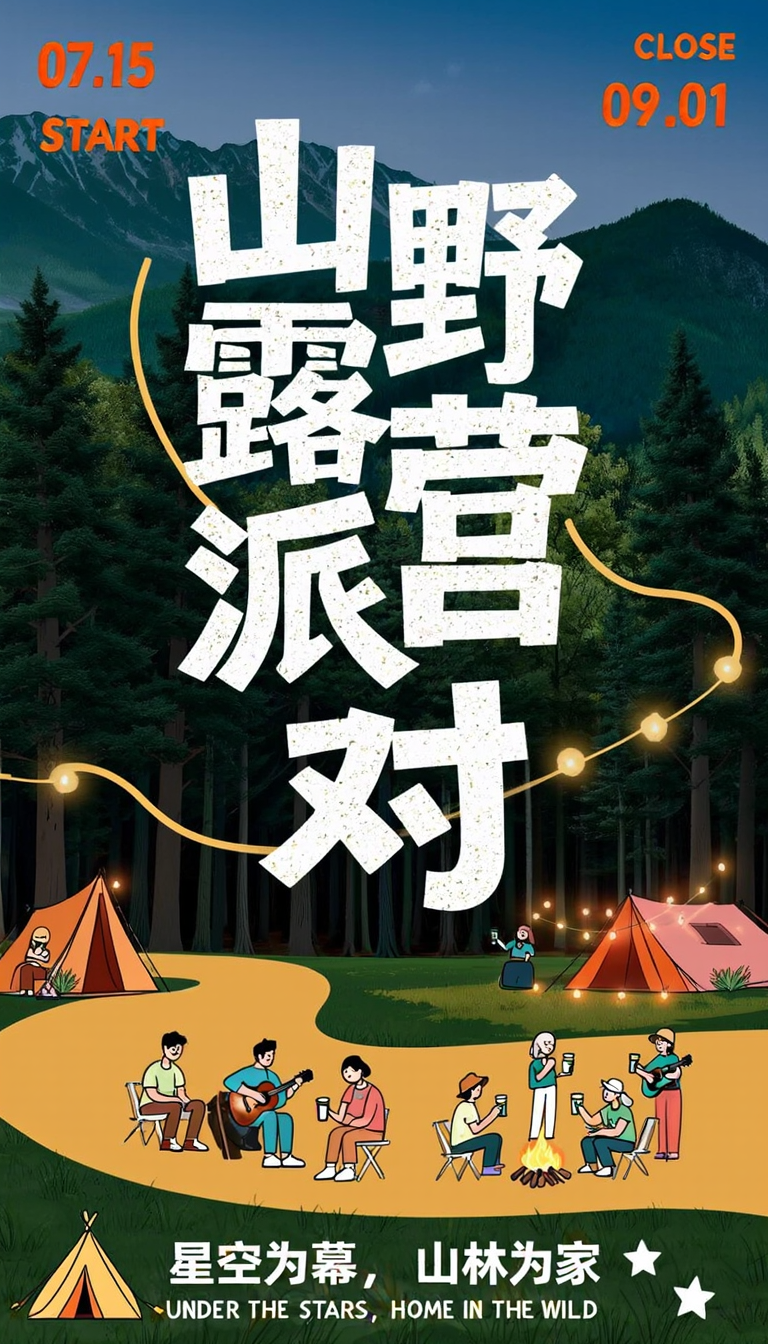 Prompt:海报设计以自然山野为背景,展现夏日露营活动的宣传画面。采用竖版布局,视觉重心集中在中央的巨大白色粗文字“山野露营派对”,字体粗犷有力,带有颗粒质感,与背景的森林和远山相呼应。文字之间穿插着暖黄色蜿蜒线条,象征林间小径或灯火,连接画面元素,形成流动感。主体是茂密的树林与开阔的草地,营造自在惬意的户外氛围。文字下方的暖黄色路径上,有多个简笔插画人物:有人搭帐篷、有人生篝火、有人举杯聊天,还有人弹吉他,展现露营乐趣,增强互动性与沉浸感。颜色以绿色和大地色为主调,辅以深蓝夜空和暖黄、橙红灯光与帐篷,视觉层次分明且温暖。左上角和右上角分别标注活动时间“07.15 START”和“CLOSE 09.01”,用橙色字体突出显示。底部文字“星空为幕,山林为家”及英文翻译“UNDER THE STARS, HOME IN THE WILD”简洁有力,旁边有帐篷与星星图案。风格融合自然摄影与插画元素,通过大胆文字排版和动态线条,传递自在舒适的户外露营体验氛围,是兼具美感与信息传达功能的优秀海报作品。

==

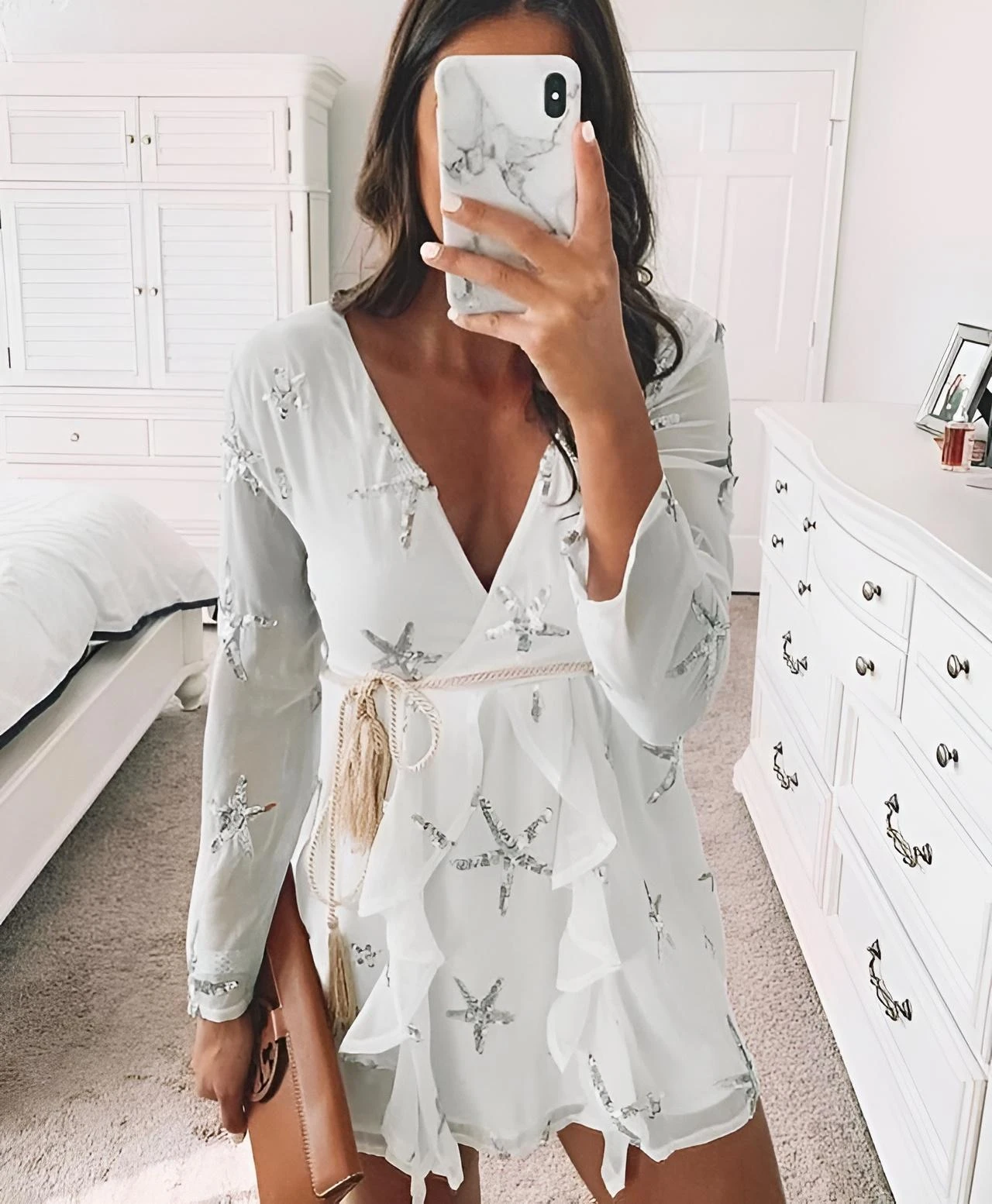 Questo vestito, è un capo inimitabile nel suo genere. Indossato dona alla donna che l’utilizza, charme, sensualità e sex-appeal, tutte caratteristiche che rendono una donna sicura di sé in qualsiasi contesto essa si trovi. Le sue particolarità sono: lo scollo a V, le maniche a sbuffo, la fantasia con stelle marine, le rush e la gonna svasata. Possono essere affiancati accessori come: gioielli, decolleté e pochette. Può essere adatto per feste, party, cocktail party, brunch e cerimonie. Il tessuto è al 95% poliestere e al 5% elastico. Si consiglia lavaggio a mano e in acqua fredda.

--

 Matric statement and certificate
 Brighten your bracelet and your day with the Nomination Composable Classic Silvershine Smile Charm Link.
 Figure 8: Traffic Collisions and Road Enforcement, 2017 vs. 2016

• Prompt: Above this instruction are the records; retype exactly the lines from the one containing "Matric statement and certificate" up to and including the one containing "Figure 8: Traffic".

• Exercise output:
 Matric statement and certificate
 Brighten your bracelet and your day with the Nomination Composable Classic Silvershine Smile Charm Link.
 Figure 8: Traffic Collisions and Road Enforcement, 2017 vs. 2016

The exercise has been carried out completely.